(Data entries)
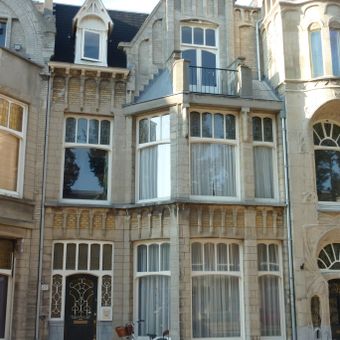PAND in neo-renaissance trant. Parterre bekleed met hardsteen. Rechts een driezijdig uitgebouwde erker over twee verdiepingen, waarboven houten loggia, versierd met rijk snijwerk. Topgevel
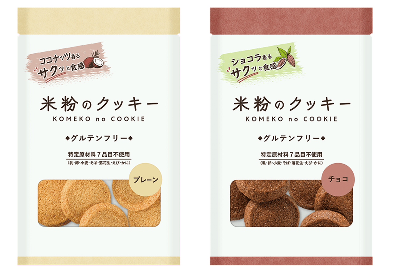 シリーズ商品として「米粉のクッキー(プレーン・チョコ)」も発売中。
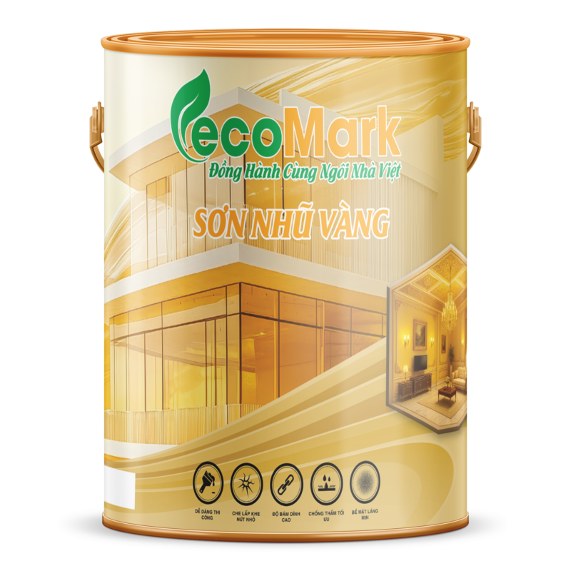 SƠN NHŨ VÀNG :Sơn Nhũ Vàng Ecomark là loại sơn trang trí cao cấp có độ bóng cao, tạo bề mặt óng ánh, lung linh, mang lại hiệu ứng thẩm mỹ sang trọng cho cả không gian nội thất và ngoại thất. Sản phẩm thường được sử dụng để tạo điểm nhấn cho tường, cột, bê tông tại các công trình nhà ở, khách sạn, resort, lâu đài và các hạng mục trang trí cao cấp.
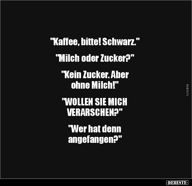 "Kaffee, bitte! Schwarz." "Milch oder Zucker?" "Kein Zucker. Aber ohne Milch!" "WOLLEN SIE MICH VERARSCHEN?" "Wer hat denn angefangen?"
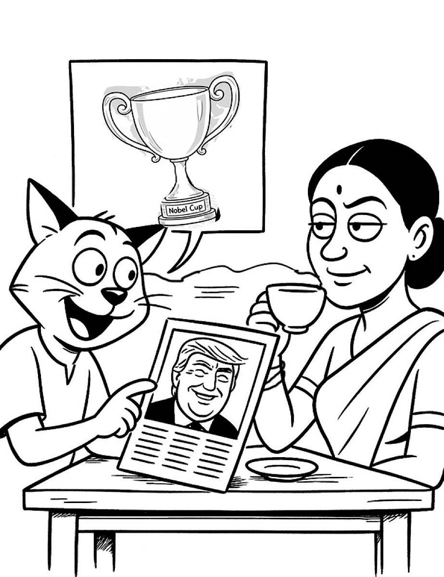 ‘ನೊಬೆಲ್ ಕಪ್ ಸಿಗದಿದ್ದರೂ ಶಾಂತಿ ಸ್ಥಾಪನೆ ಕೆಲಸ ಮುಂದುವರಿಸ್ತೀನಿ ಅಂತ ಟ್ರಂಪಣ್ಣ ಘೋಷಣೆ ಮಾಡ್ಯಾನೆ. ಇನ್ಮುಂದೆ ಭೂಲೋಕದಲ್ಲಿ ಎಲ್ಲೂ ಜಗಳಾ ಅನ್ನೂದೆ ಇರಂಗಿಲ್ಲ!’ ಬೆಕ್ಕಣ್ಣ ಅಭಿಮಾನದಿಂದ ಹೇಳಿತು.
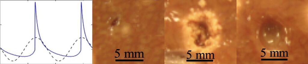 • исследуются физические механизмы воздействия на ткань, кавитационные эффекты в ткани при ее облучении ультразвуком с ударными фронтами;
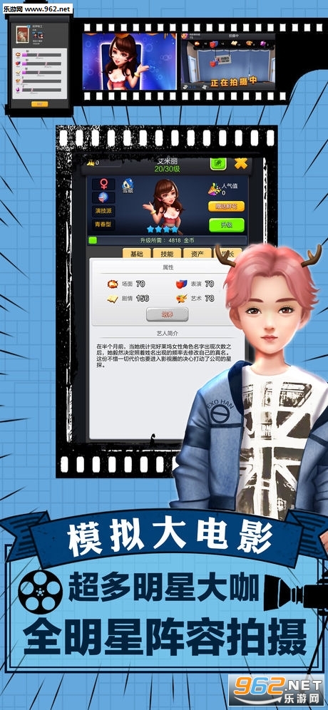 1、根据剧本要求去选择演员,同时还得在游戏中来选择更多不同的剧本拍摄;
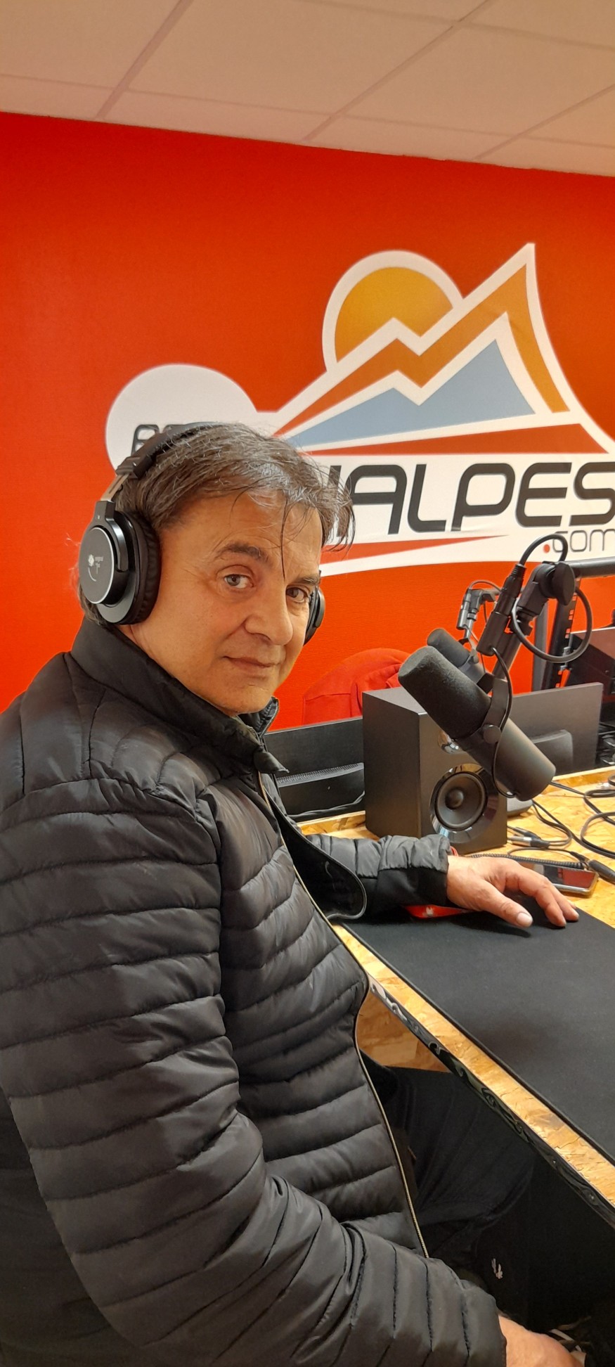 Photo : Dominique dans les studios de SunAlpes Radio.
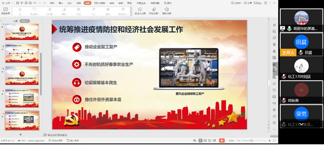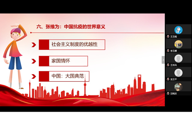 第二党小组线上会议以“不惧风雨,勇挑重担”为主题,学习了防疫一线工作者郭琴、张伟鹏的先进事迹,会上一同观看了视频《青年突击队》,党小组组长田晨表示,青年兴则国家兴,我们要在最美的年华做最有意义的事。第三党小组组长姚莎莎分享了张维为关于中国抗疫的世界意义的演讲,从社会主义制度的优越性、中国人的家国情怀和中国的大国典范三个方面解读了中国的防疫工作。
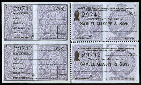 1863 Samuel Allsopp & Sons Receipt/Excise labels. (Wmk Cabled anchor). Superb unmounted o.g. pane of eight comprising of two se-tenant strips of four. Produced by the brewing company with the authority of the inland revenue for the purpose of recording excise duties and issuing reciepts. Extremely rare so fine.
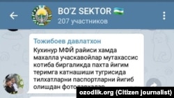 БЎЗ. “Андижон вилояти Бўз тумани Кўҳинур МФЙдан ёзмоқдамиз. Маҳаллада пахтага тайёргарлик ҳозирдан бошлаб юборилди. Участка нозири ва маҳалла вакиллари аҳолидан теримга қатнашиши ҳақида тилхат ёздириб, уларнинг паспортини ҳам йиғиб олмоқда. Тилхат ёздириш ҳам, паспорт йиғиб олиш ҳам қонунга зид-ку!”
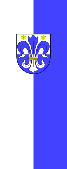 It is a white-blue vertical bicolour. The coat of arms is shifted towards the top.
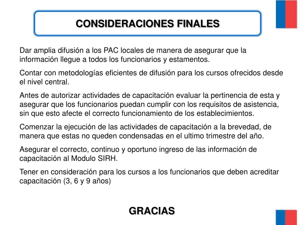 CONSIDERACIONES FINALES • Dar amplia difusión a los PAC locales de manera de asegurar que la información llegue a todos los funcionarios y estamentos. • Contar con metodologías eficientes de difusión para los cursos ofrecidos desde el nivel central. • Antes de autorizar actividades de capacitación evaluar la pertinencia de esta y asegurar que los funcionarios puedan cumplir con los requisitos de asistencia, sin que esto afecte el correcto funcionamiento de los establecimientos. • Comenzar la ejecución de las actividades de capacitación a la brevedad, de manera que estas no queden condensadas en el ultimo trimestre del año. • Asegurar el correcto, continuo y oportuno ingreso de las información de capacitación al Modulo SIRH. • Tener en consideración para los cursos a los funcionarios que deben acreditar capacitación (3, 6 y 9 años) • GRACIAS
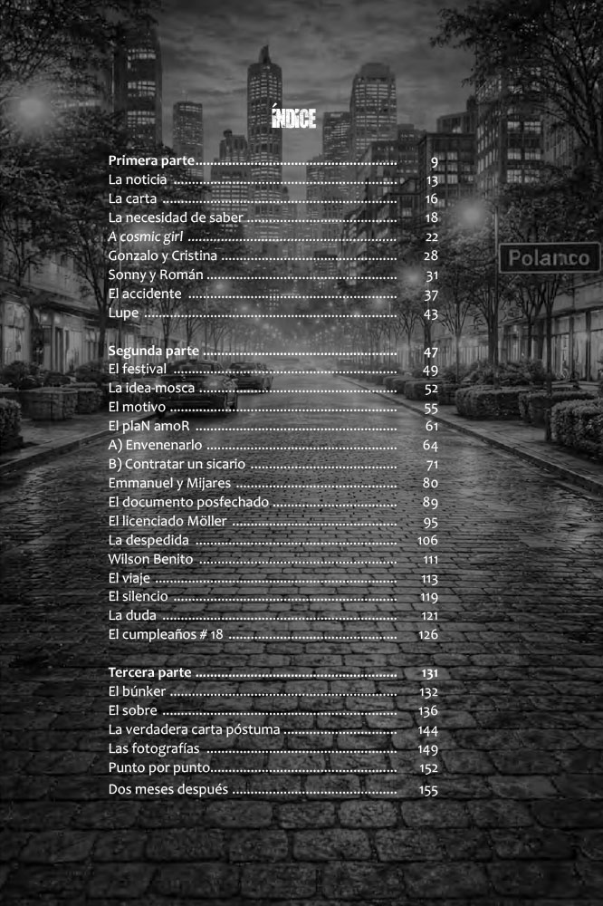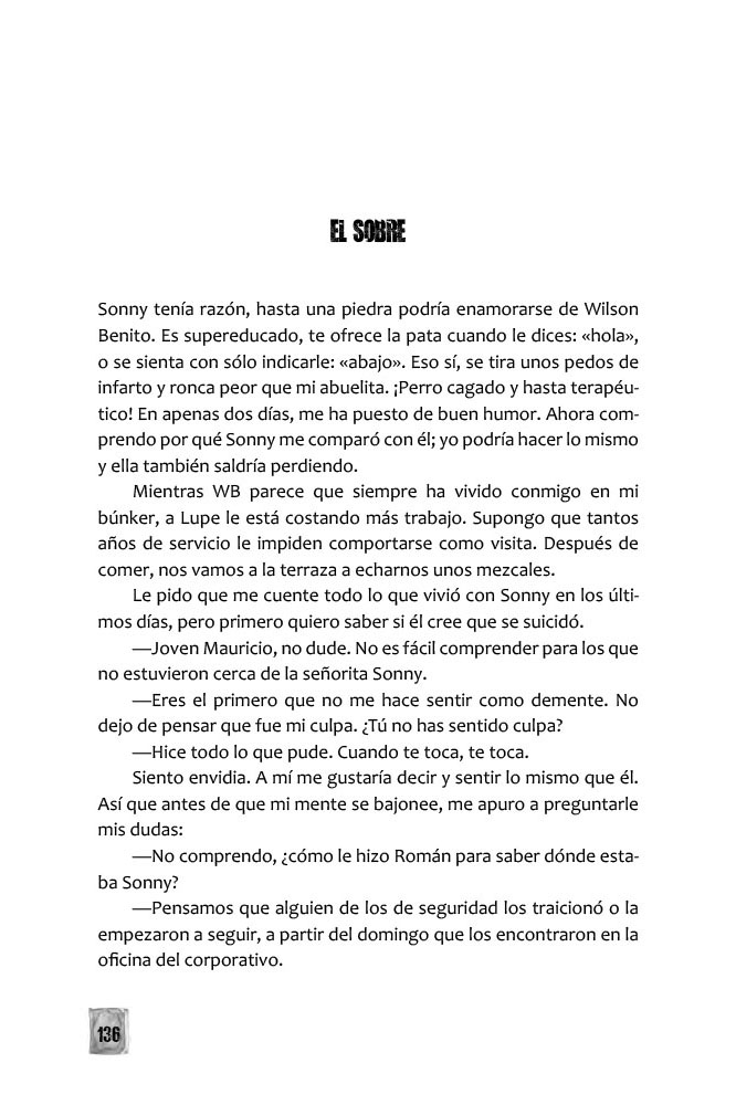 La joven modelo Sonny de la Riva es hallada en su departamento de Polanco, dos días después de cumplir dieciocho años, con un tiro en la sien derecha y una carta de despedida. Pero Mauricio Bonfil Carrera, su mejor amigo, sabe que Sonny era zurda y que jamás habría redactado una carta tan cursi y correcta, así que decide indagar por su cuenta, solo para verse en un rompecabezas cuyas partes, cuando parecen a punto de embonar, vuelven a desacomodarse. Empujado por su propia tragedia y por su fraternidad con Sonny, sale de cada encrucijada hasta llegar al fondo del caso, no siempre ileso.
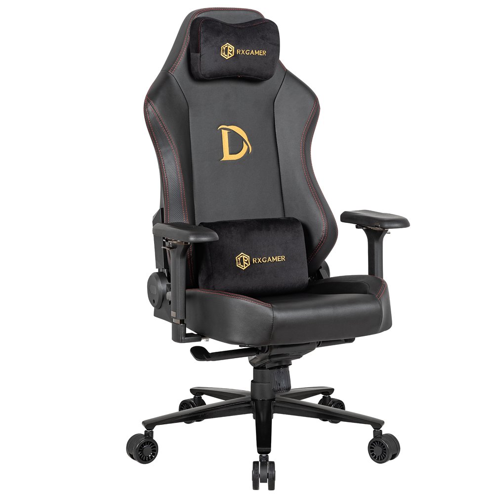 Customized black synthetic leather racing style esports chair with 4D armrests and magnetic headrests that can be extended, massaged, and rotated

▶ **ACTION ITEM**: Print the data above from its first line through the line that has "Zucker. Aber ohne", exactly and with nothing else, omitting pictures.

▶ **ANSWER TO THE PROBLEM**:
PAND in neo-renaissance trant. Parterre bekleed met hardsteen. Rechts een driezijdig uitgebouwde erker over twee verdiepingen, waarboven houten loggia, versierd met rijk snijwerk. Topgevel
 シリーズ商品として「米粉のクッキー(プレーン・チョコ)」も発売中。
 SƠN NHŨ VÀNG :Sơn Nhũ Vàng Ecomark là loại sơn trang trí cao cấp có độ bóng cao, tạo bề mặt óng ánh, lung linh, mang lại hiệu ứng thẩm mỹ sang trọng cho cả không gian nội thất và ngoại thất. Sản phẩm thường được sử dụng để tạo điểm nhấn cho tường, cột, bê tông tại các công trình nhà ở, khách sạn, resort, lâu đài và các hạng mục trang trí cao cấp.
 "Kaffee, bitte! Schwarz." "Milch oder Zucker?" "Kein Zucker. Aber ohne Milch!" "WOLLEN SIE MICH VERARSCHEN?" "Wer hat denn angefangen?"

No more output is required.